Please tell me how I woke up out in the middle of nowhere wearing nothing but a hard hat and a man thong?
I almost got runover on the sidewalk by a car but wen it got closer it was a crackhead walking with the whole front of a car... bumper, lights and all... I love New York.
I fucked her on my hockey bag. it doesnt get any more Canadian than that.
We were drinking cognac with TAB. I felt like trailer park royalty.
She sent me a pic of shot glasses on fire if that tells you anything
Damn, it's been so long since I had sex I could use the cobwebs from my vagina to decorate for Halloween.
The kid across the hall found me in the hallway using a hot pocket box as a pillow. I said its okay I live here.

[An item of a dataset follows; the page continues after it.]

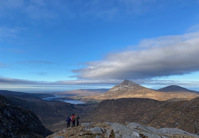 Lunch was had in a gully near spot height 480m at the top of the Poisoned Glen, which had great views of the majestic Errigal mountain and the Seven Sisters.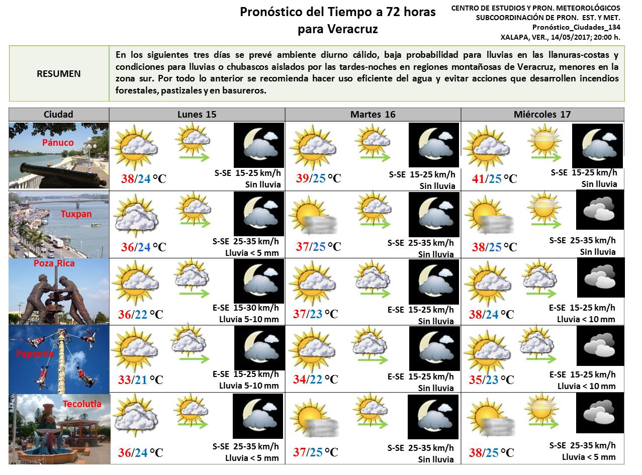 Secretaria de Protección Civil Veracruz Meteorología. Pronóstico del tiempo a 72 horas, 14 de

Ok how about tonight me and you get laid together. Same girl. Then she signs our dicks.
As weird as it sounds I would totally be down
She screamed at us, "You guys need to wake up and smell the beer-bong!"
I'm having salsa con queso and a leftover half-drank/flat red bull for breakfast. Nothing you propose doing today would be a downgrade.
I love how four vibrators are within reach of me right now, but not a single hair brush or comb
Do you know how many guys' fantasies I've been told I'm a part of lately?!
Just 2. But still.
I'll say this one last time. You are TWENTY FIVE YEARS OLD. You are not going to die alone and this is not the twilight of your life. Stop taking shrooms on your period!!!!
beggars cant be choosers....im desperate and he has a dick. he checks all the boxes.
I would let him fuck me right here in this laundromat. Praise Satan.